# Removing overflow compartment



## jenste (Jan 22, 2013)

Ok you DIY-ers and other people competent with sharp objects.

My 72 gallon bow has a predrilled over flow compartment. I hate it. Always have. It gets in the way of decorating and limits me to very dark back grounds.

I have been wanting to switch to pale sand with a blue background to bring out the colors in my new discus. The color clash with the overflow is a problem for me.

While doing the substrate change from black sand to white sand, I was hoping to remove the overflow box in the process.

I already have sealed off my tank with pvc fittings, and these I can hid in sand/rock/driftwood formations.

Any recommendations as to removing the overflow with minimal to no scratching? Tank is a glass Aqueon 72 gallon bow. The overflow compartment does not touch any side seams, just the bottom.

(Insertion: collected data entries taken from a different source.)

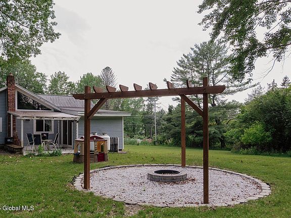 Welcome to this tastefully renovated Ranch style home in East Greenbush School district. On almost an acre lot! This home features ornate tile entryways. Modern eat-in Kitchen with high ceilings, exposed beams, black stainless appliances, kitchen island, granite counters & plenty of storage. Open to dining area & living room w/ hardwood floors & sun filled windows. Fully renovated quality tiled bathroom. Finished 3/4 loft space for storage. Updated heating system with additional Ductless units for Heat/AC. Enjoy the private yard from the covered back patio, firepit, raised garden beds & custom shed. Owner related to Listing Agent
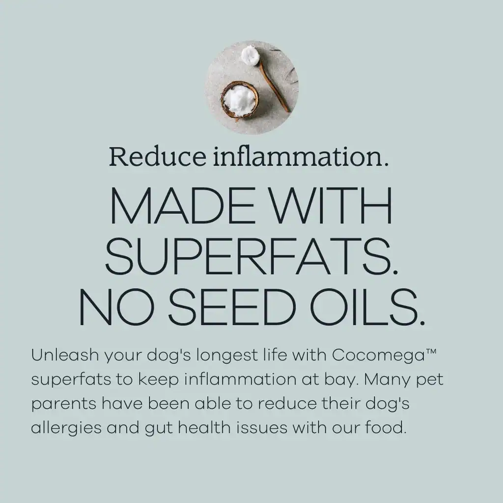 • SUPERFATS, NO SEED OILS: Unleash your dog’s longest life with Cocomega™ superfats backed by research to keep inflammation at bay;
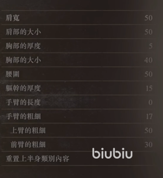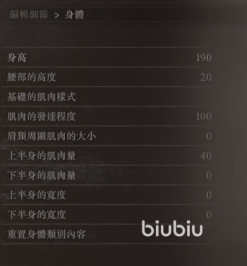 大家在进入角色编辑界面,首先选择男性的人类,然后进入详细的编辑面,这里身体参数如下。
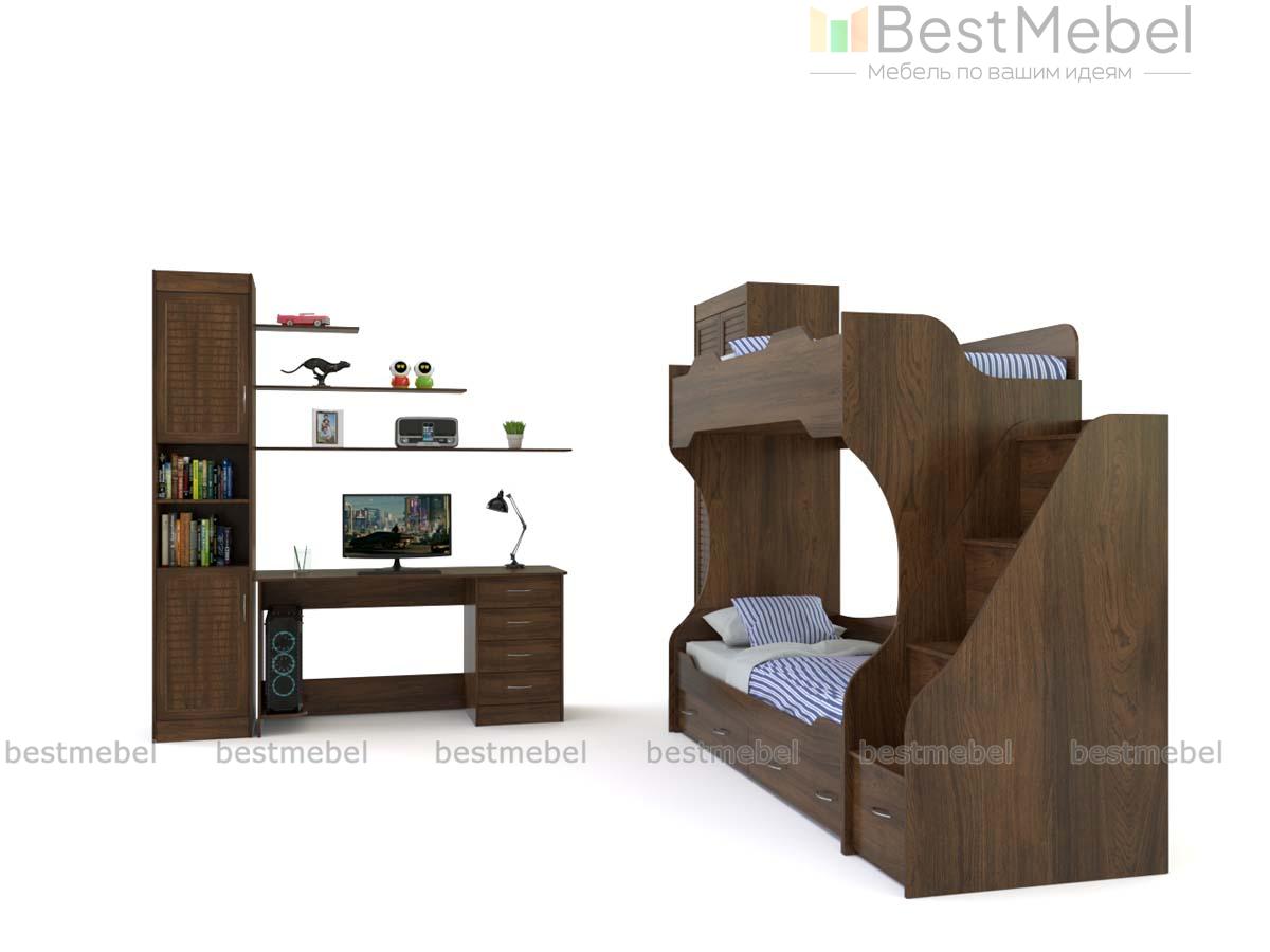 Детская комната Коралина 7 BMS оборудована всем необходимым для комфортного сна, учебы и хранения вещей двоих детей. В комплект входят кровать-чердак с приставной лестницей-комодом и расположенной на первом ярусе софой с бельевыми ящиками, распашной платяной шкаф, письменный стол, навесные книжные полки и комбинированный пенал. Выполненные в светлых тонах, предметы декорированы по фасаду горизонтальной фрезеровкой. Купить детскую комнату Коралина 7 BMS и правильно организовать пространство вам поможет наш интернет-магазин.
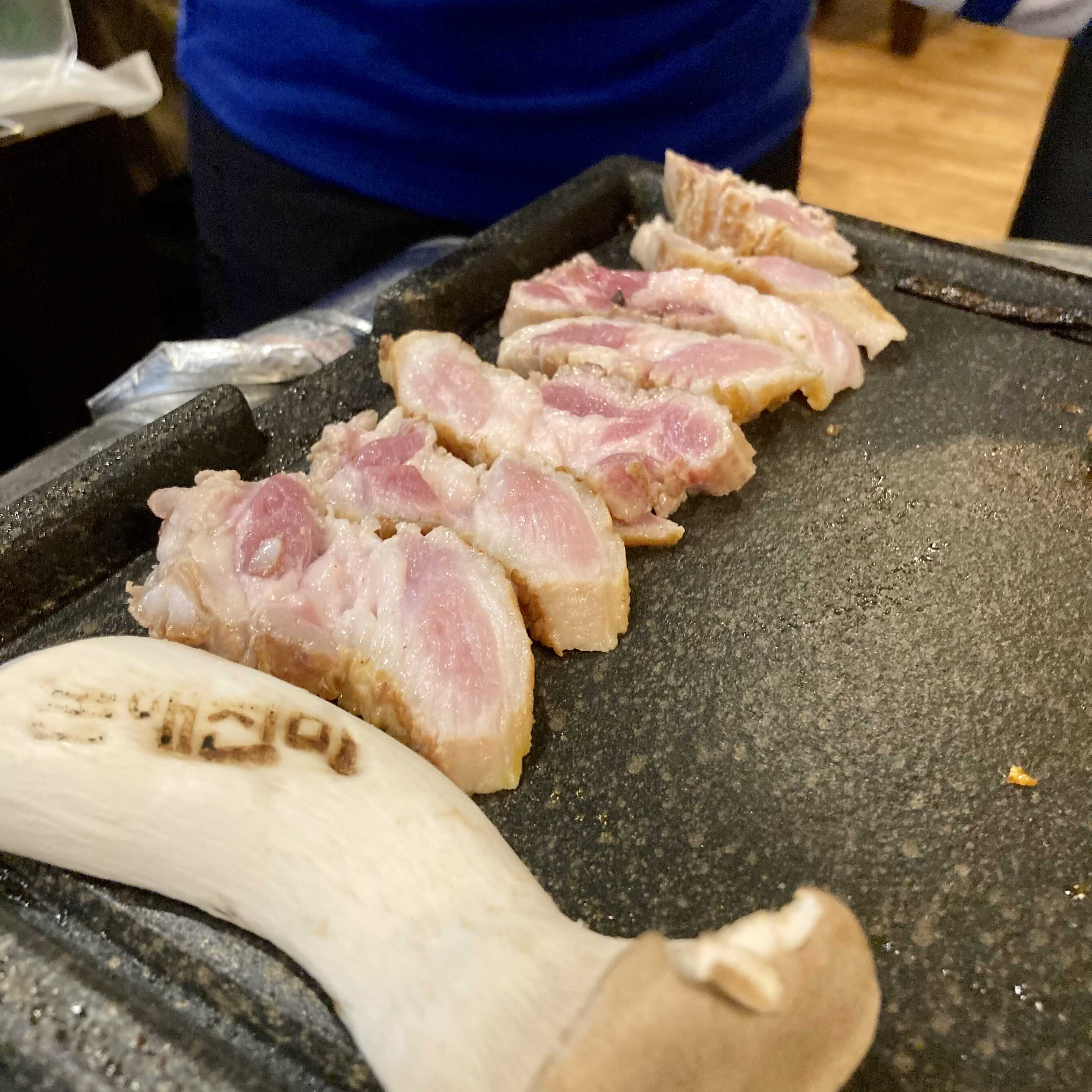 고기에 칼집을 내어서 꽃삼겹인 것 같았다.
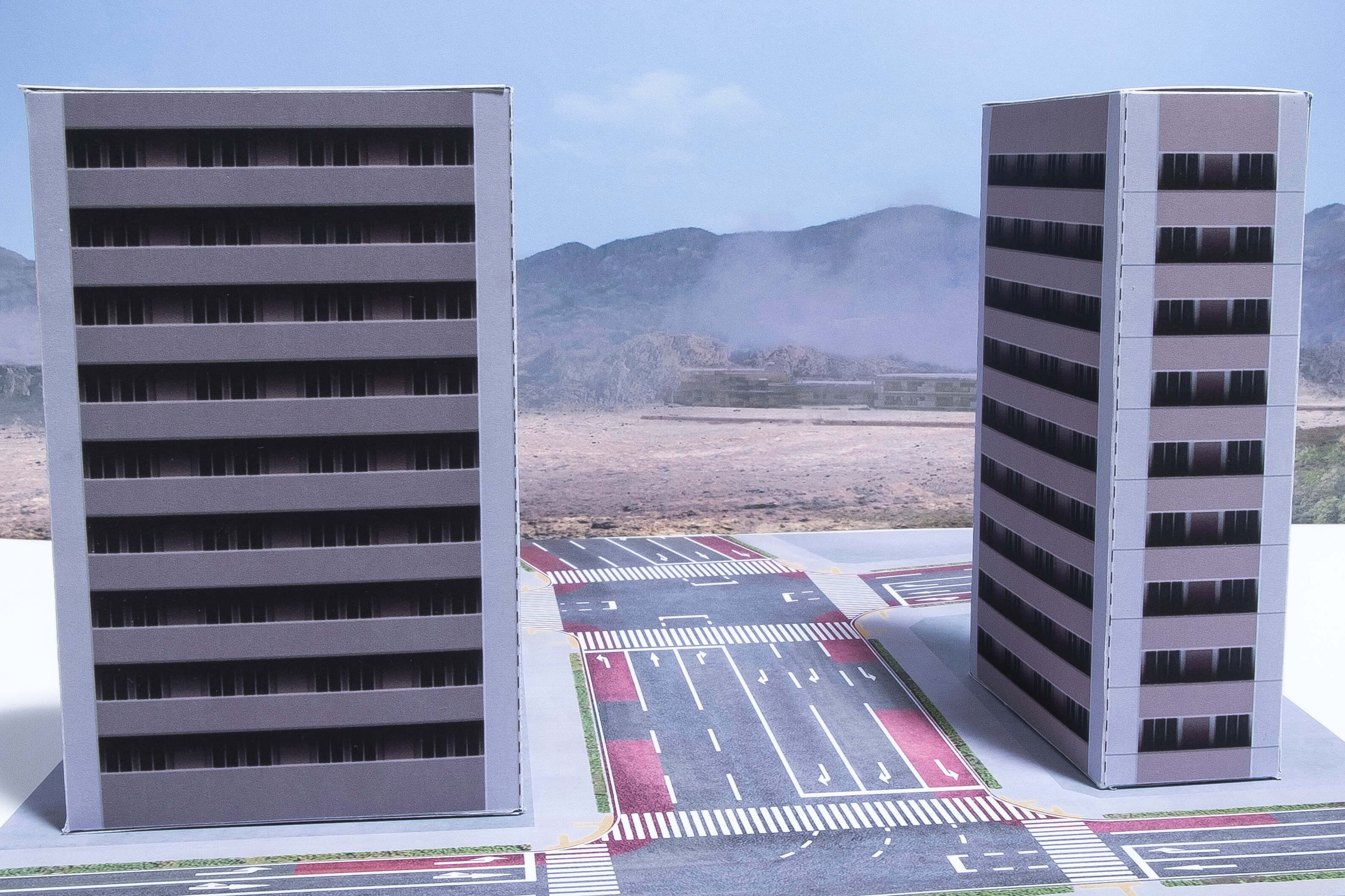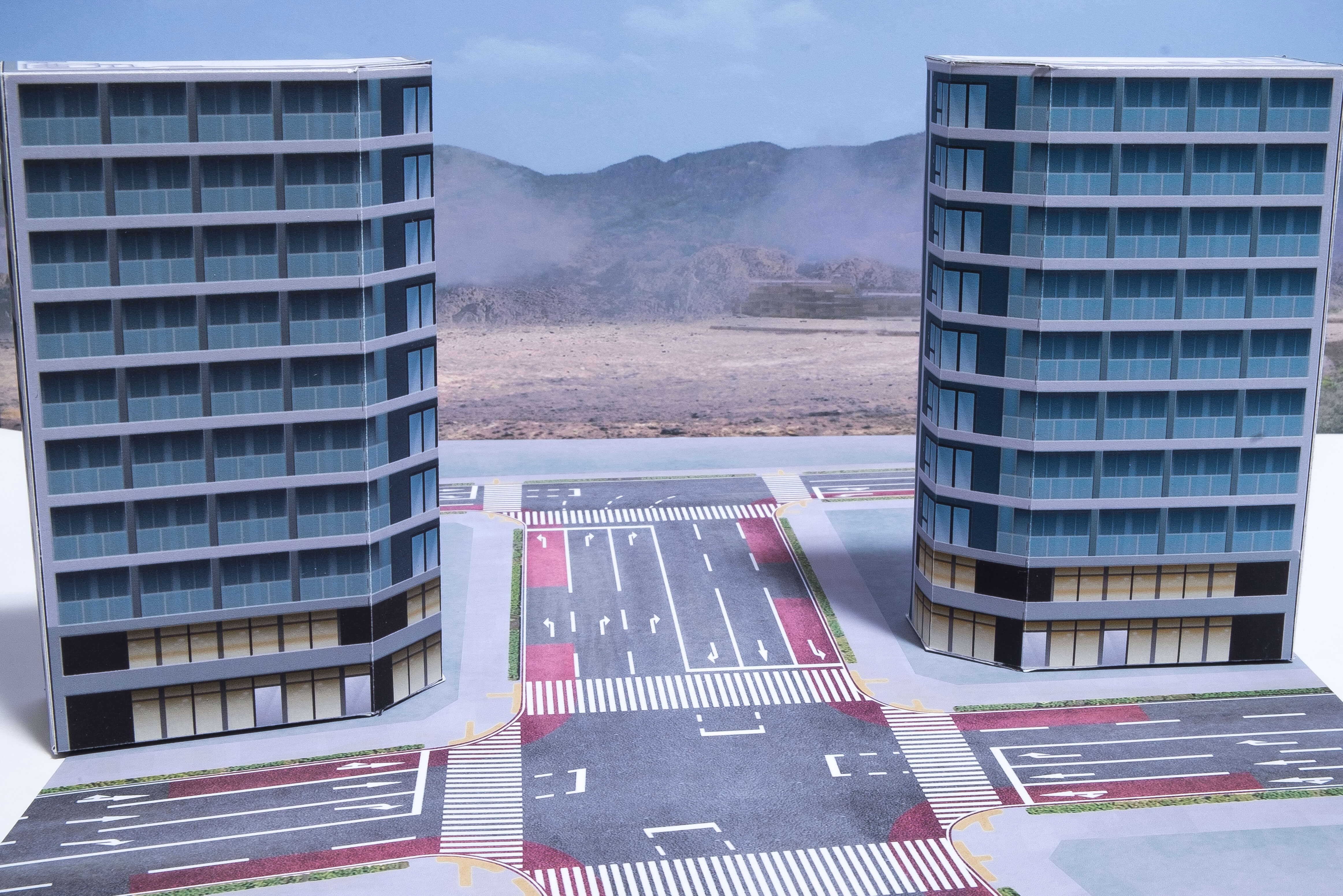 次に、A4の道路シートを2枚使い縦長のジオラマを作ります。ビルとビルの隙間などが見えないように大きいビルで隠しながら配置しました。少し難しい配置ですが、街の広さが感じられるので是非挑戦してみてください。

Also, I am a lady with minimal power tools. We are talking razer scraping here. Any methods for speeding up the process to reduce time fish have to vacation in a storage container would be greatly appreciated.


----------



## jenste (Jan 22, 2013)

Eh ok I called Aqueon directly to ask how to remove it and pretty much risk the whole structure of the tank if I try and remove it myself due the process in which it is siliconed in. 

darnit. Guess I will have to learn to love it


----------